School of Public Health and Community Medicine, the University of New South Wales, Sydney, Australia.
Crit Care Med. 2012 Feb;40(2):388-93. doi: 10.1097/CCM.0b013e318232e4f3.
Identify the longest period a central line remains free from central line-associated bloodstream infection during an 18-month insertion-bundle project.
Prospective cohort.
New South Wales adult intensive care units at university teaching hospitals between July 2007 and December 2008.
Intensive care unit adult patients whose central line was inserted in the intensive care unit.
Compliance with the insertion bundle for central lines during the first 12-month roll-out period and the last 6 months.

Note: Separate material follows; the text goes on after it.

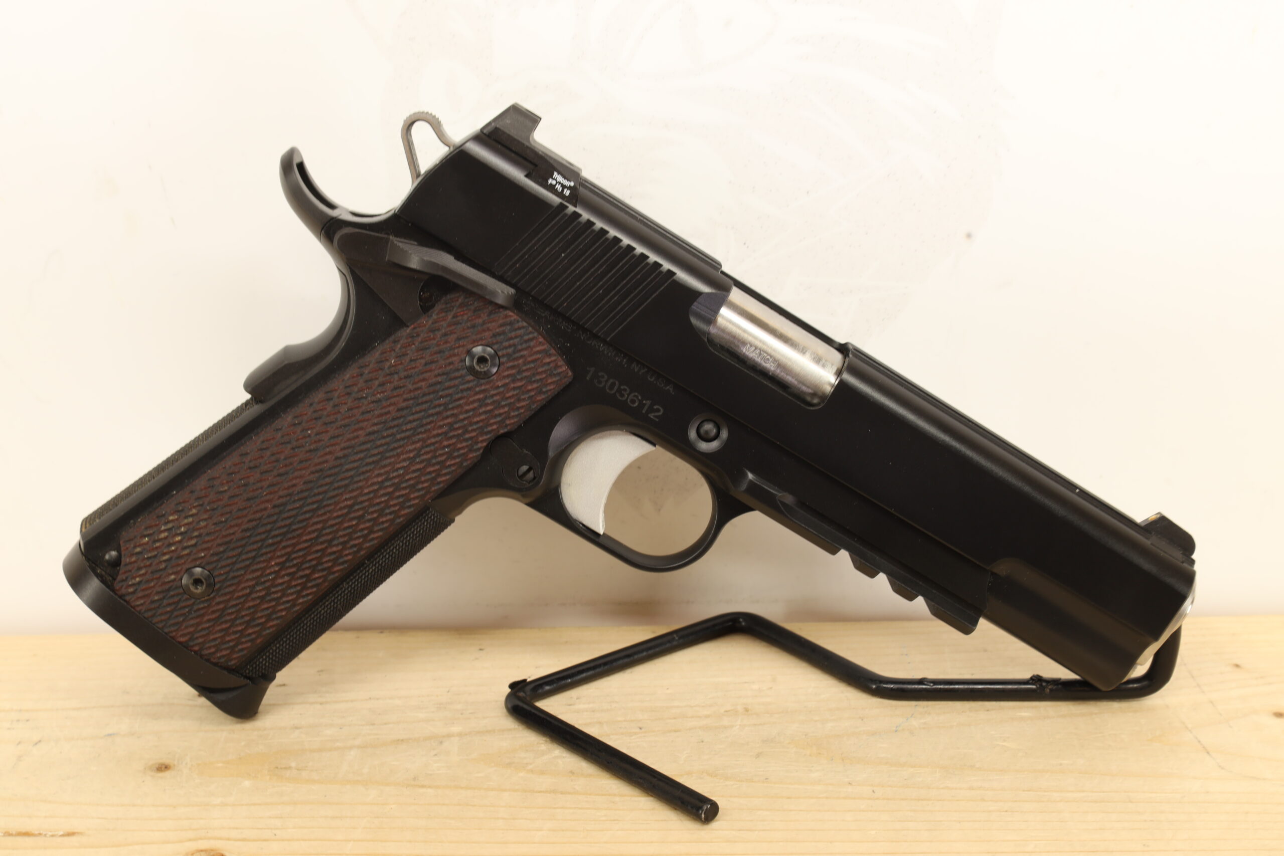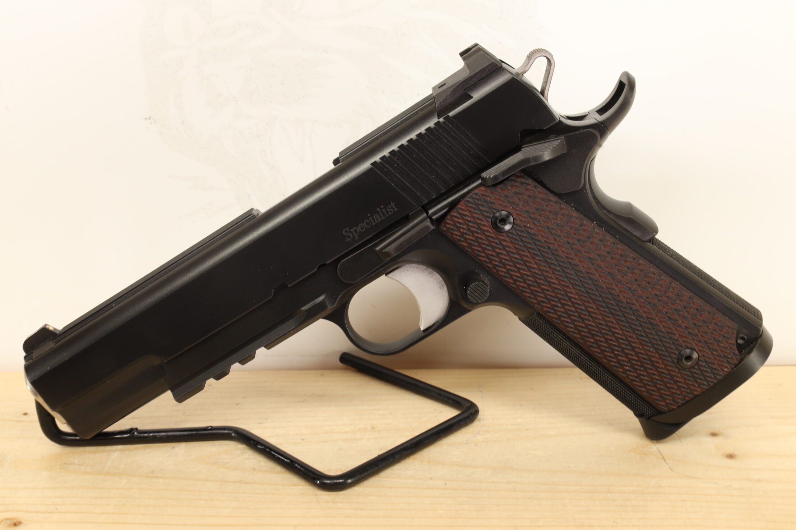 The Dan Wesson Specialist, chambered in .45 ACP, is an impressive semi-automatic handgun, utilized and maintained in great condition. Its 5-inch barrel affords users a reasonable balance between accuracy and maneuverability making it an excellent self-defense weapon. Equipped with both grip safety and thumb safety features, this firearm provides added security during handling and use. It comes with two magazines and a box or bag for storage.

The cumulative line days that remained close to infection-free before the lowest probability of central line-associated bloodstream infection, 1 in 100 chances, was identified using conditional probability modeling. An adjusted central line-associated bloodstream infection rate was calculated for these cumulated line days and thereafter where the probability for infection increased with additional dwell time.

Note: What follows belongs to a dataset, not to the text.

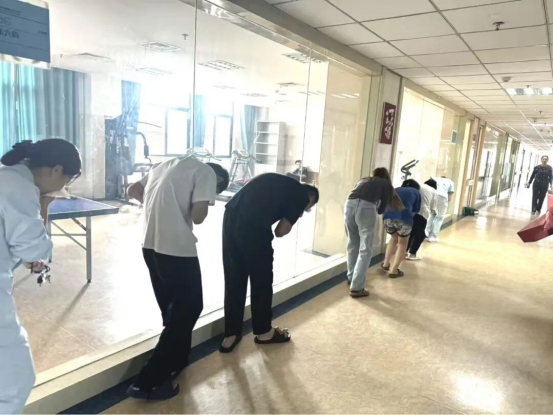 随着模拟烟雾升起和警报声拉响,实战化的应急疏散演练正式开始。全体医护人员立刻进入应急状态,按照预定预案,明确分工,迅速到达指定岗位。他们沉着冷静地引导患者,特别是对行动不便、情绪易波动的患者进行“一对一”帮扶,沿着最近的安全疏散通道,低姿、捂口鼻,快速、有序地向安全区域撤离。 整个演练过程指令清晰、行动迅速、配合默契,充分展现了科室医护人员高度的责任心和卓越的应急处理能力,也体现了患者们良好的秩序性与对医护人员的充分信任。

The lowest probability identified for central line-associated bloodstream infection was 1 in 100 chances regardless of the phase of the project or central line type. During the first 12 months of the project, the close to infection-free period finished by the end of day 7 giving an adjusted central line-associated bloodstream infection rate of 1.8 (95% confidence interval 0.9-3.3)/1000 line days. By the last 6 months of the project the close to infection-free period was extended by 2 additional line days to the end of day 9, giving an adjusted central line-associated bloodstream infection rate of 0.9 (95% confidence interval 0.5-1.5)/1,000 line days. For dialysis and unspecified central line types, the close to infection-free period was extended by 5 additional line days, from day 2 with a rate of 4.3 (95% confidence interval 0.9-12.5)/1,000 line days to day 7, giving a rate of 0.6 (95% confidence interval 0.2-2.4)/1,000 line days.

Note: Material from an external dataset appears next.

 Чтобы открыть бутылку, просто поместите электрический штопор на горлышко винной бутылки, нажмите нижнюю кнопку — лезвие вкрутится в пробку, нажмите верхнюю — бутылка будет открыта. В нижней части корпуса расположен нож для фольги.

The success of the insertion bundle was identified by improved analysis that identified that the safest dwell time was extended to the first 9 days for centrally inserted lines and up to day 7 for dialysis, peripherally inserted central catheters, and unspecified central line types. Given that three quarters of intensive care unit patients have their central line removed by day 7, zero risk for central line-associated bloodstream infection should be achievable in the majority of patients where clinicians comply with the clinician and patient insertion bundles.
确定在 18 个月的中央导管插入套件项目中,中央导管最长的无导管相关血流感染时间。
前瞻性队列研究。
2007 年 7 月至 2008 年 12 月期间,新南威尔士州大学教学医院的成人重症监护病房。
重症监护病房成人患者,其中央导管在重症监护病房中插入。
在最初 12 个月的推出阶段和最后 6 个月内遵守中央导管插入套件。
使用条件概率建模确定,在感染概率最低的情况下(1/100 机会),累积的接近无感染的导管天数。在这些累积的导管天数之后,以及随着留置时间的增加感染概率增加的情况下,计算了调整后的导管相关血流感染率。
无论项目阶段或中央导管类型如何,确定的导管相关血流感染的最低概率为 1/100 机会。在项目的前 12 个月中,接近无感染期在第 7 天结束时结束,调整后的导管相关血流感染率为 1.8(95%置信区间 0.9-3.3)/1000 导管天。在项目的最后 6 个月中,接近无感染期通过在第 9 天结束时增加 2 个额外的导管天而延长,调整后的导管相关血流感染率为 0.9(95%置信区间 0.5-1.5)/1000 导管天。对于透析和未指定的中央导管类型,无感染期通过在第 2 天增加 5 个额外的导管天延长至第 7 天,感染率为 4.3(95%置信区间 0.9-12.5)/1000 导管天,调整后的感染率为 0.6(95%置信区间 0.2-2.4)/1000 导管天。
通过改进的分析,识别出中央插入导管的最安全留置时间延长至第 9 天,而透析、外周插入中心导管和未指定的中央导管类型的最安全留置时间延长至第 7 天,从而确定插入套件的成功。鉴于四分之三的重症监护病房患者在第 7 天前拔除中央导管,只要临床医生遵守临床医生和患者插入套件,大多数患者都可以实现中央导管相关血流感染的零风险。